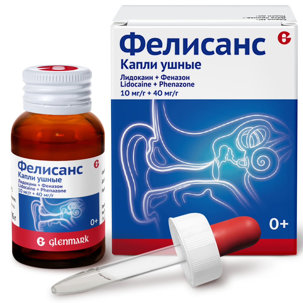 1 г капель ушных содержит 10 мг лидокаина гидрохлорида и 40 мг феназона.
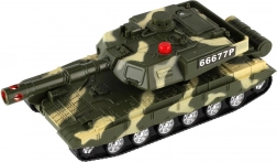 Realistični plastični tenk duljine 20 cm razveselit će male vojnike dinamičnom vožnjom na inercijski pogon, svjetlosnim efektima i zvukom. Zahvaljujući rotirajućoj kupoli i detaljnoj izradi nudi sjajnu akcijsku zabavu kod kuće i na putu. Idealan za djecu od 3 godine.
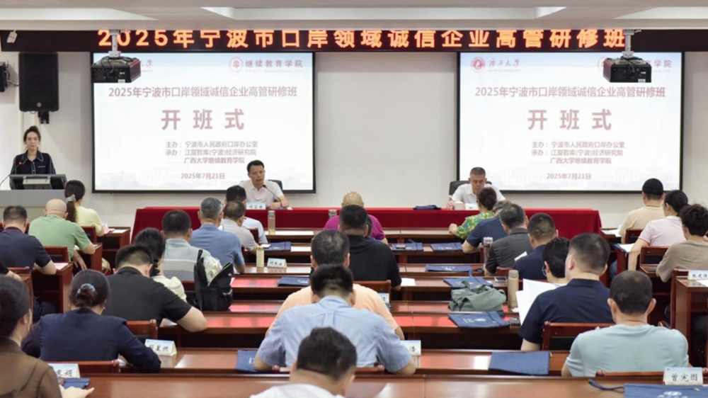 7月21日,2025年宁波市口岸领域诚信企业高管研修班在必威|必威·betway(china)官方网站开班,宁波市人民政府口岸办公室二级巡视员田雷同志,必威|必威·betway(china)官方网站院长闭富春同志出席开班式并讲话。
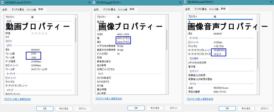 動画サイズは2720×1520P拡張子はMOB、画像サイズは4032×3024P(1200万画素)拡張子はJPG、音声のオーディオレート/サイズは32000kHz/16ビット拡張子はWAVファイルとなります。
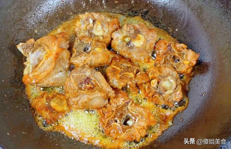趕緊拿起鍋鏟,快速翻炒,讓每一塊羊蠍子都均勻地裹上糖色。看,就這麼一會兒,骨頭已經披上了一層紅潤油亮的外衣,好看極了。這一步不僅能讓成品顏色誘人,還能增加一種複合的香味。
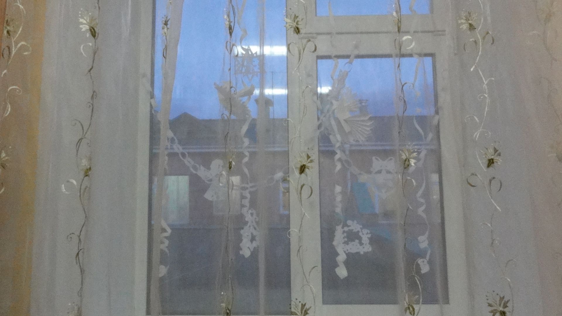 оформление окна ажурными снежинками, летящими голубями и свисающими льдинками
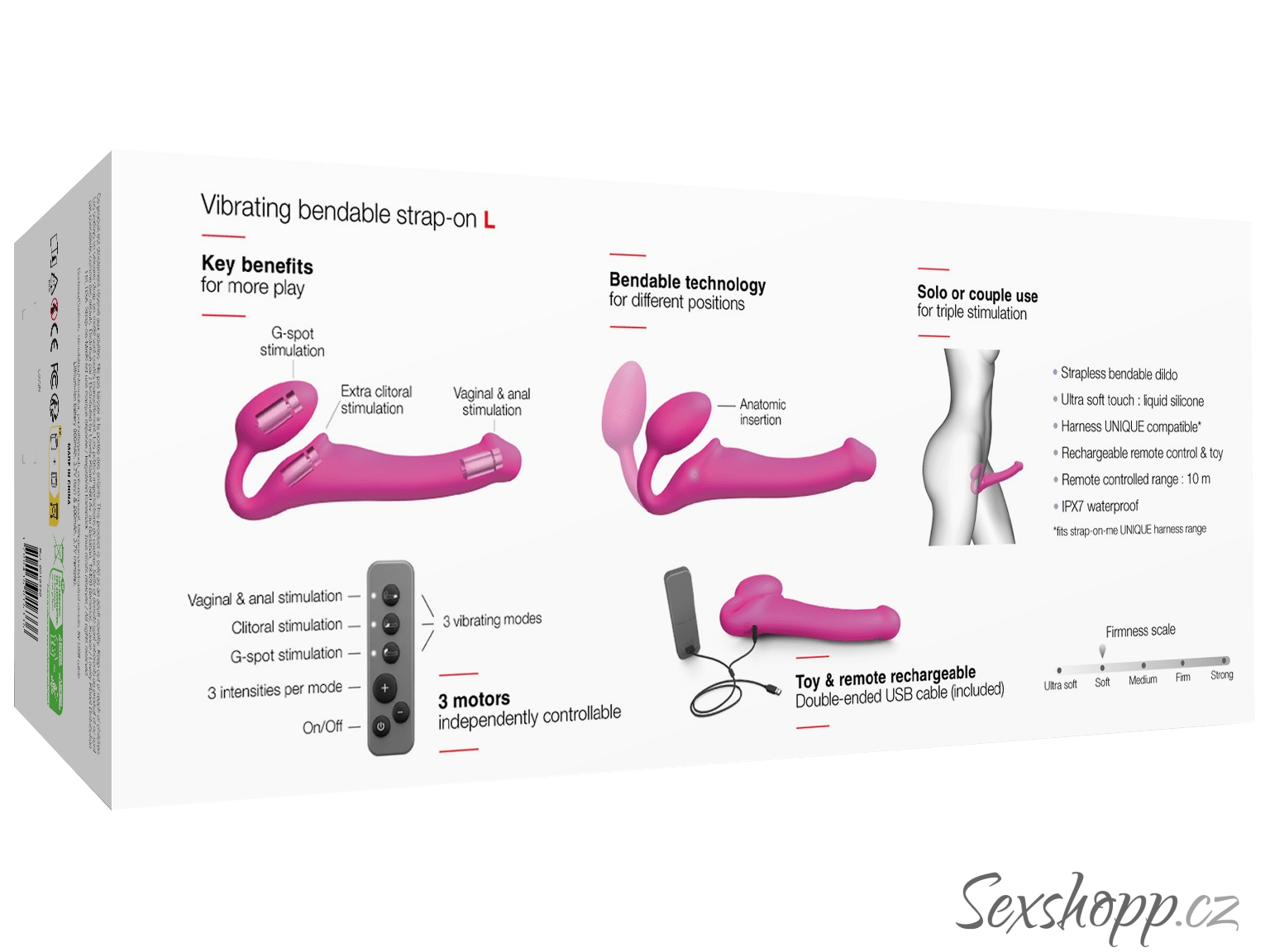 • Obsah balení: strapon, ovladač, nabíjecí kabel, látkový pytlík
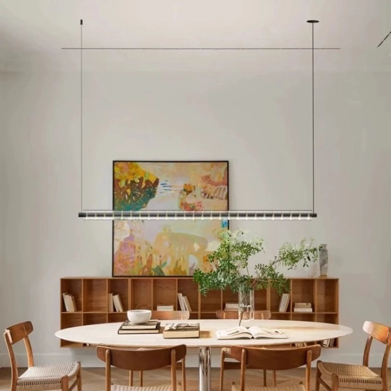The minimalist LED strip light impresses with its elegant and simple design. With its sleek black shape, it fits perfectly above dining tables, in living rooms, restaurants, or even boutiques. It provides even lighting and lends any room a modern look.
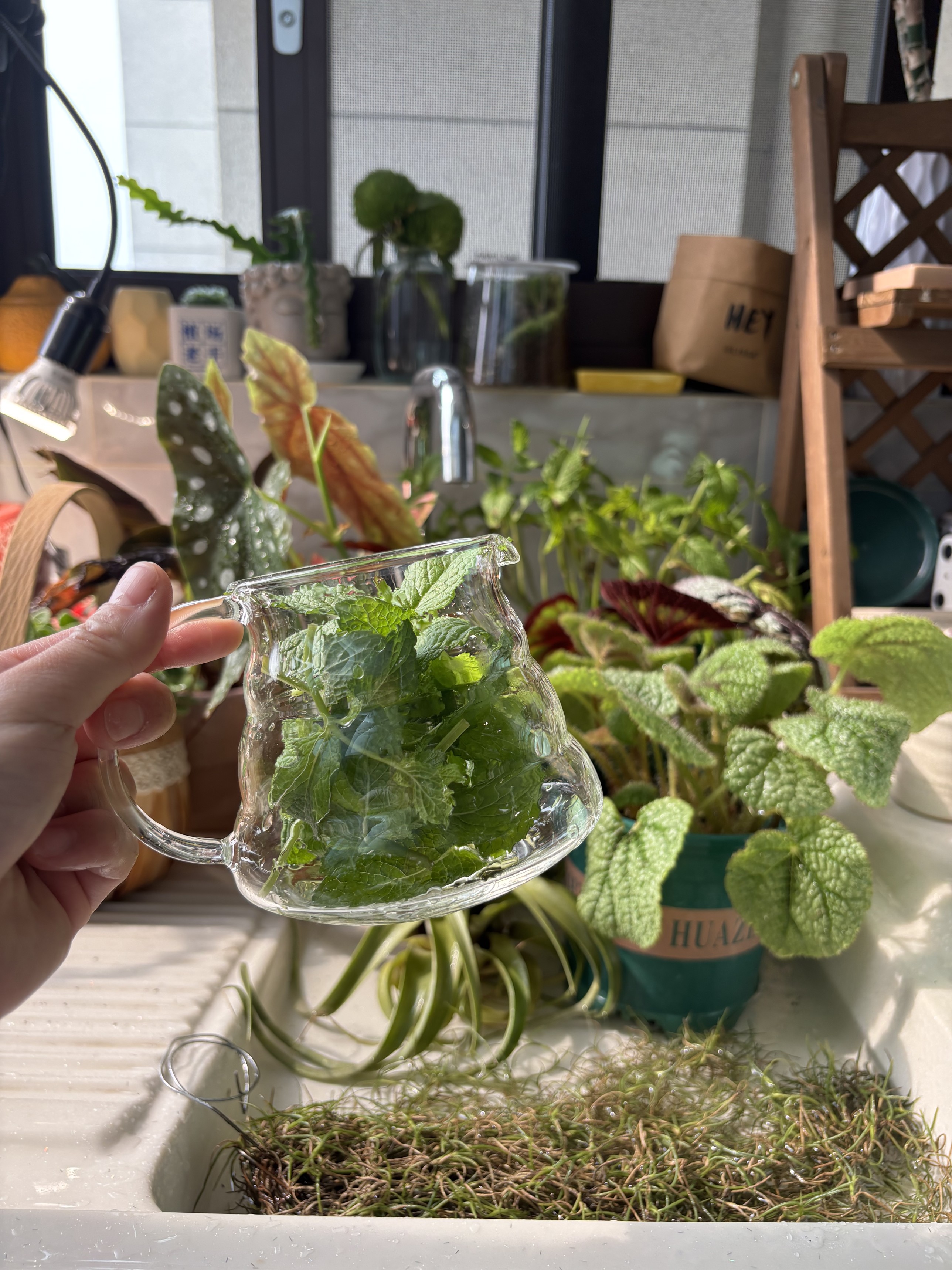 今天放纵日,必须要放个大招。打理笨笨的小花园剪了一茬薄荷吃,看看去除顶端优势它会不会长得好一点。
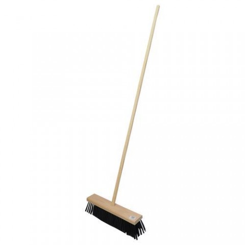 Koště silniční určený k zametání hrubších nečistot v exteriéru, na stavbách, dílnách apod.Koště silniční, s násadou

━━━━

__Exercise directions__:
Nothing but the lines from the one containing "今天放纵日,必须要放个大招。" through the final line of the records, both included and copied exactly, should appear in the answer; pictures stay out.

__Answer below__:
 今天放纵日,必须要放个大招。打理笨笨的小花园剪了一茬薄荷吃,看看去除顶端优势它会不会长得好一点。
 Koště silniční určený k zametání hrubších nečistot v exteriéru, na stavbách, dílnách apod.Koště silniční, s násadou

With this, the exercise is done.